At the same time, Obama reserved the right to launch air strikes against the Islamic State of Iraq and Syria (ISIS) forces that have thrown Iraq into chaos.
The president said “up to 300” military advisers will be sent to Iraq to assist the Iraqi military in its fight against ISIS. Obama also said new surveillance assets and two “centers” on the ground in Iraq (one in north of the country and one in Baghdad) will aid in sharing intelligence with Iraqi forces.
Obama has already sent a carrier battle group to the Middle East as the situation in Iraq deteriorated. The president said the ships and other new assets in the region give the United States the option of direct strikes on ISIS.
“We will be prepared to take targeted and precise military action,” Obama said.
It’s not clear how Congress will react to Obama’s new moves in Iraq. While some hawks have called for immediate U.S. involvement to protect the Iraqi regime from ISIS, a swatch of Democrats and Republicans have urged Obama to avoid taking action without a sign-off from lawmakers. Obama said he will work with Congress as the new Iraq involvement goes forward, but he didn’t say whether or not Congress will have a say in what military actions are taken.

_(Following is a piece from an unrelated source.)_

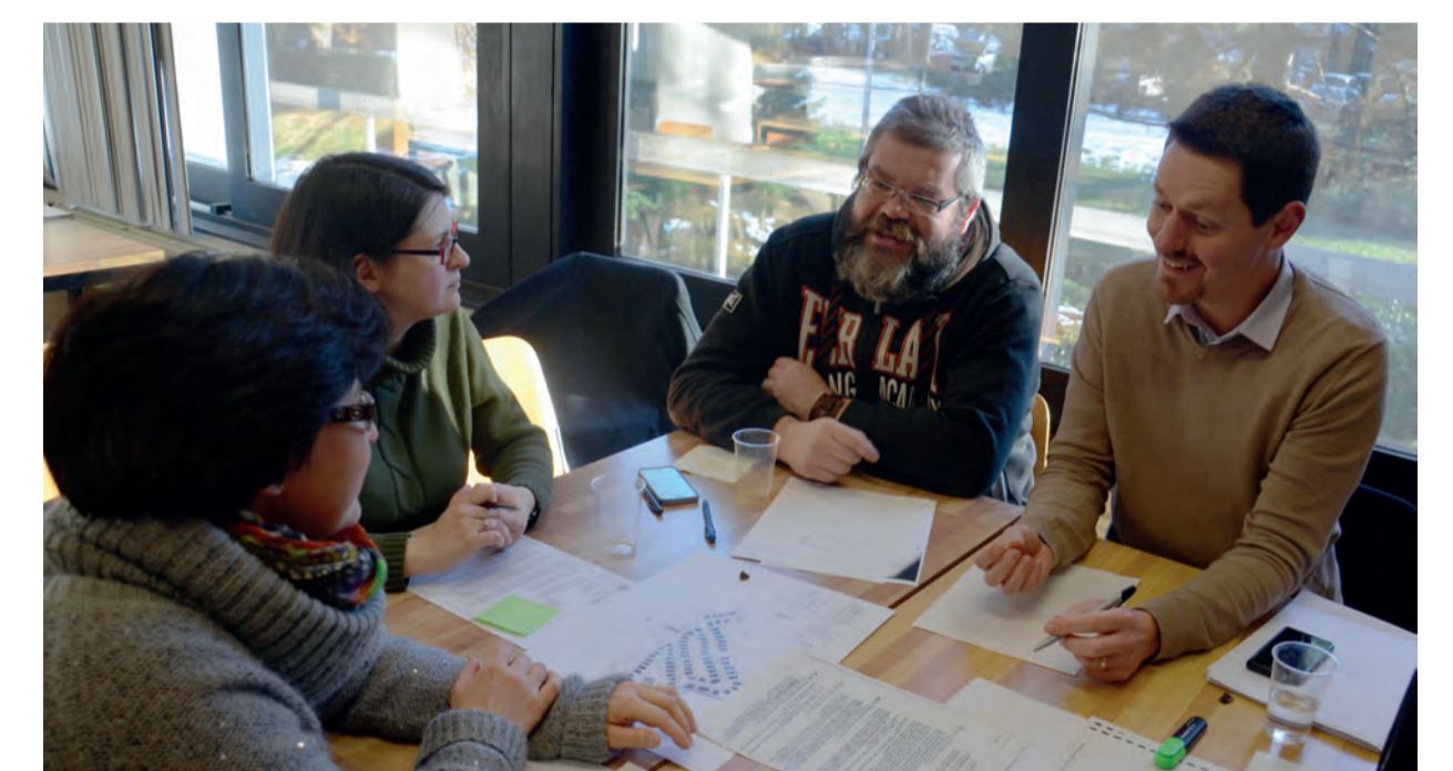
La motivation des permis et autres actes administratifs : atelier en sous-groupe de travail

Des interventions par les formateurs et des intervenants extérieurs alimentent le travail d'atelier.

Obama, who entered office on the promise to end U.S. involvement in Iraq, took effort to emphasize that another full-scale war in the country was not his plan.
“Let me repeat what I’ve said in the past: American combat troops are not going to be fighting in Iraq again. We do not have the ability to simply solve this problem by sending in tens of thousands of troops and committing the kinds of blood and treasure that has already been expended in Iraq,” Obama said. “Ultimately, this is something that is going to have to be solved by the Iraqis.”